What the task asks —
For this exercise, repeat exactly the lines below starting at the line holding "Newborn & Infant" and ending at the line holding "Objektivdeckel und der", both included, with no extra lines and no pictures.

Records from a data collection —
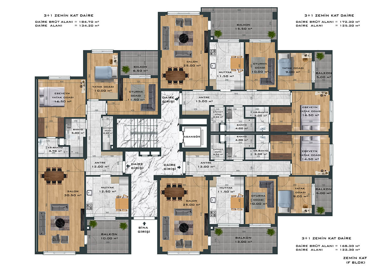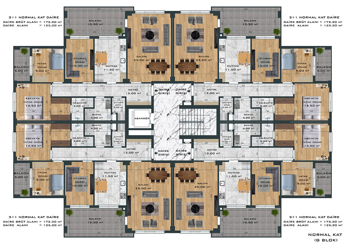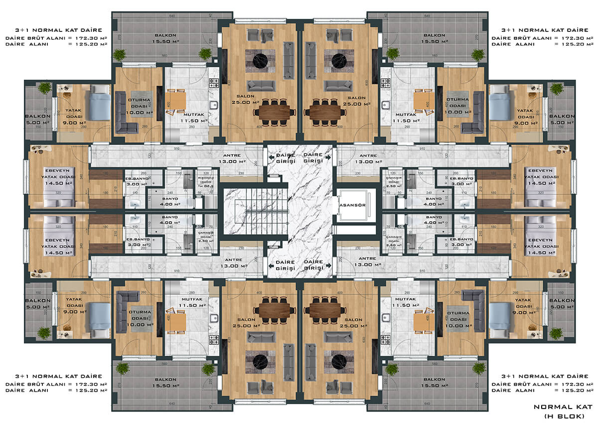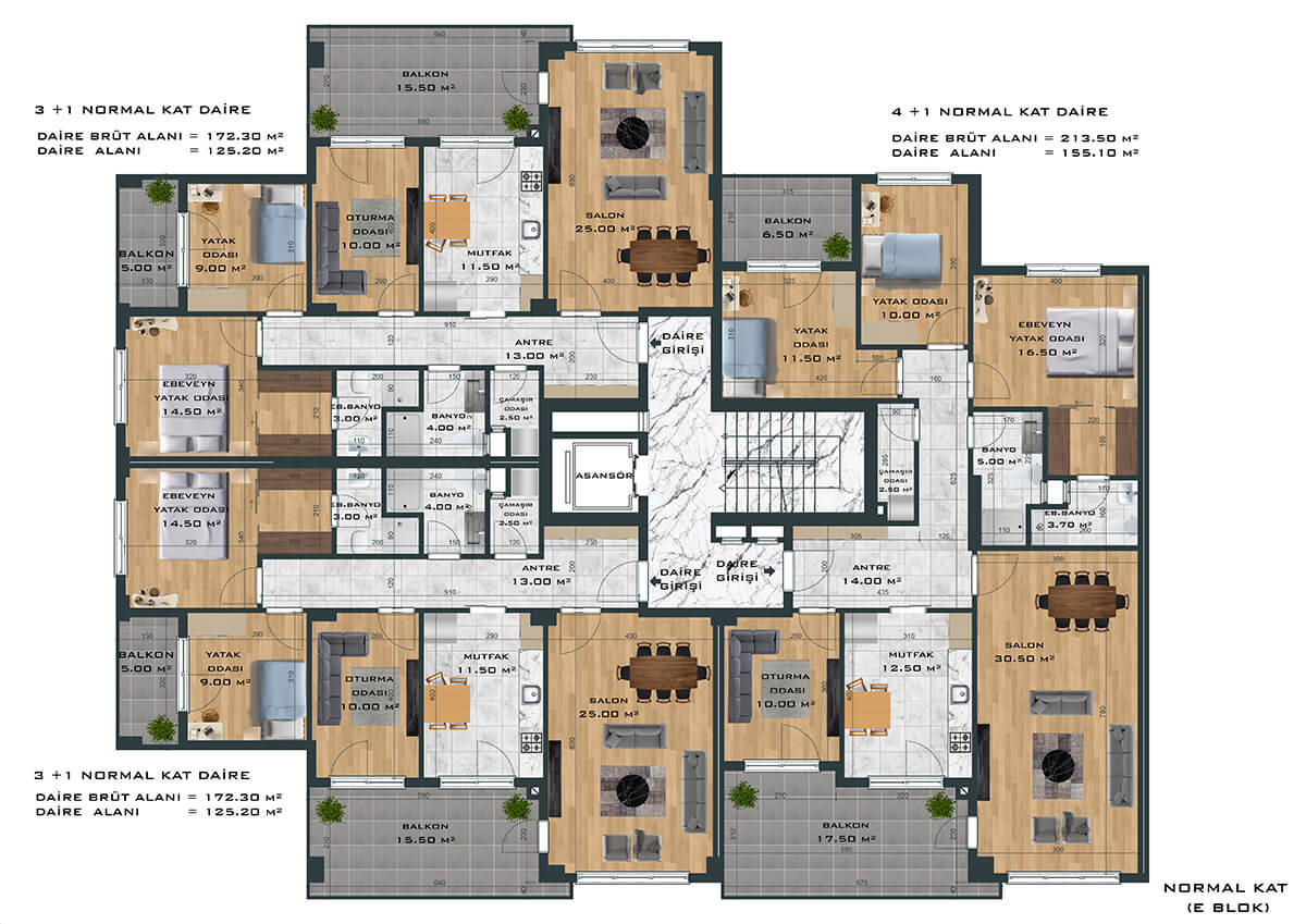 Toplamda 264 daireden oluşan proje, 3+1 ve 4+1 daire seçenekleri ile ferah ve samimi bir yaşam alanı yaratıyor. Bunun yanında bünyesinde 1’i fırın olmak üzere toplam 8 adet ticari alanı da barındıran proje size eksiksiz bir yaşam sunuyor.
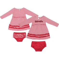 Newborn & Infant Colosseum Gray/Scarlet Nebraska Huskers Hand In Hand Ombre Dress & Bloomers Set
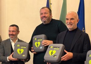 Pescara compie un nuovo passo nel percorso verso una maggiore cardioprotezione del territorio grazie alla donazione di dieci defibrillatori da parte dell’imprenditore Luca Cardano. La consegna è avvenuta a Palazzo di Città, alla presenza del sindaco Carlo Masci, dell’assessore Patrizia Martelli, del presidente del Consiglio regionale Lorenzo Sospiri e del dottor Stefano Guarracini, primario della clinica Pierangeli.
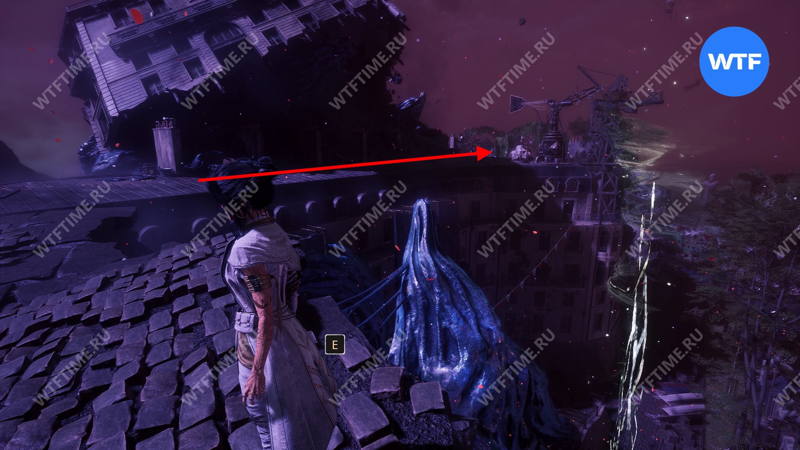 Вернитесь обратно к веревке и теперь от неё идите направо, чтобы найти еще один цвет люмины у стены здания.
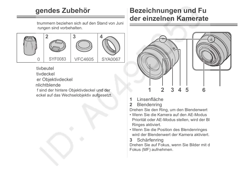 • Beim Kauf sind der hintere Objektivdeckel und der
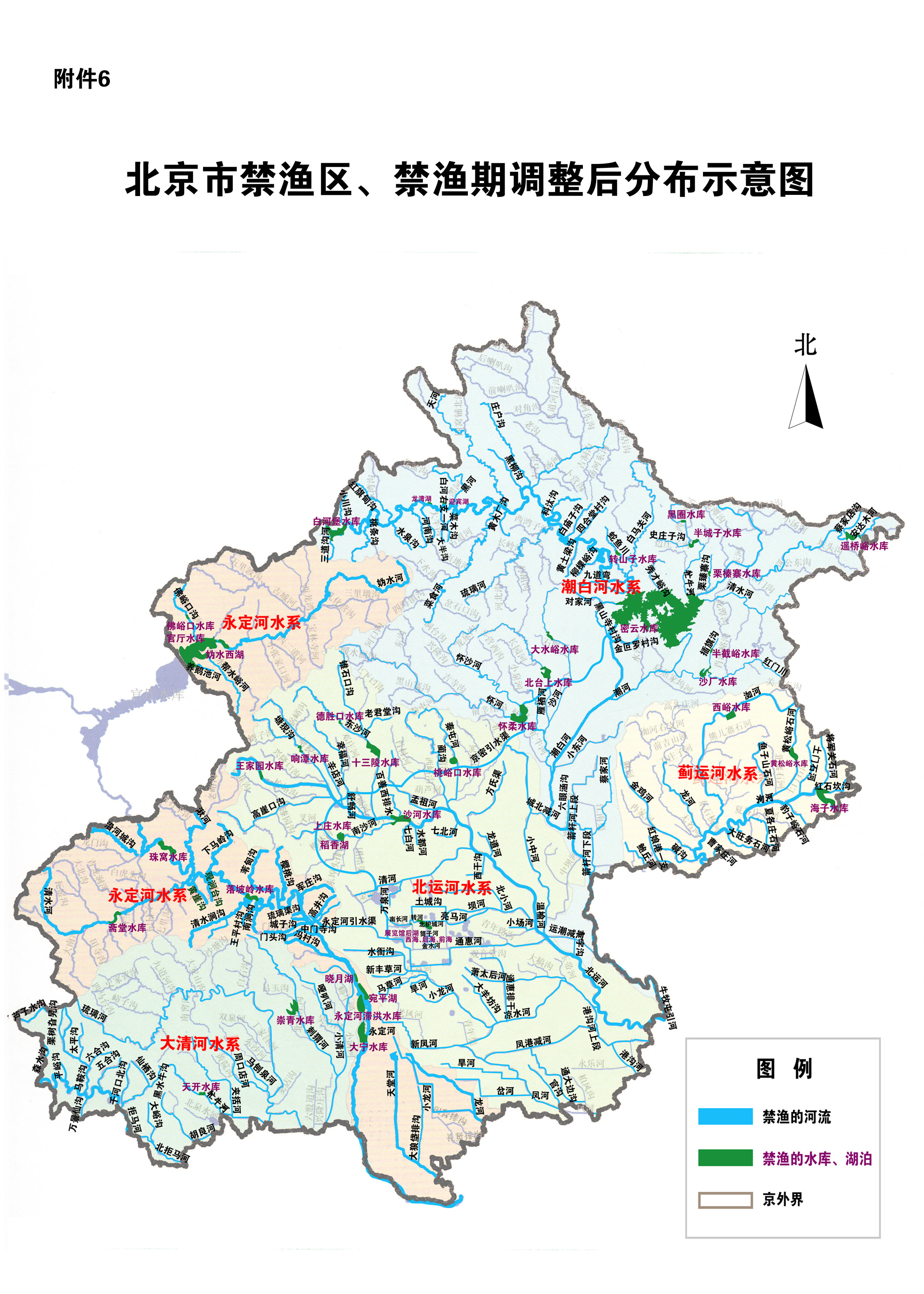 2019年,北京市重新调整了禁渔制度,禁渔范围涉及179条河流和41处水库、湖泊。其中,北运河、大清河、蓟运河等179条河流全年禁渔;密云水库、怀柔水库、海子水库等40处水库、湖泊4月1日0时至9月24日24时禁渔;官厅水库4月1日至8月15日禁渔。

Result —
 Newborn & Infant Colosseum Gray/Scarlet Nebraska Huskers Hand In Hand Ombre Dress & Bloomers Set
 Pescara compie un nuovo passo nel percorso verso una maggiore cardioprotezione del territorio grazie alla donazione di dieci defibrillatori da parte dell’imprenditore Luca Cardano. La consegna è avvenuta a Palazzo di Città, alla presenza del sindaco Carlo Masci, dell’assessore Patrizia Martelli, del presidente del Consiglio regionale Lorenzo Sospiri e del dottor Stefano Guarracini, primario della clinica Pierangeli.
 Вернитесь обратно к веревке и теперь от неё идите направо, чтобы найти еще один цвет люмины у стены здания.
 • Beim Kauf sind der hintere Objektivdeckel und der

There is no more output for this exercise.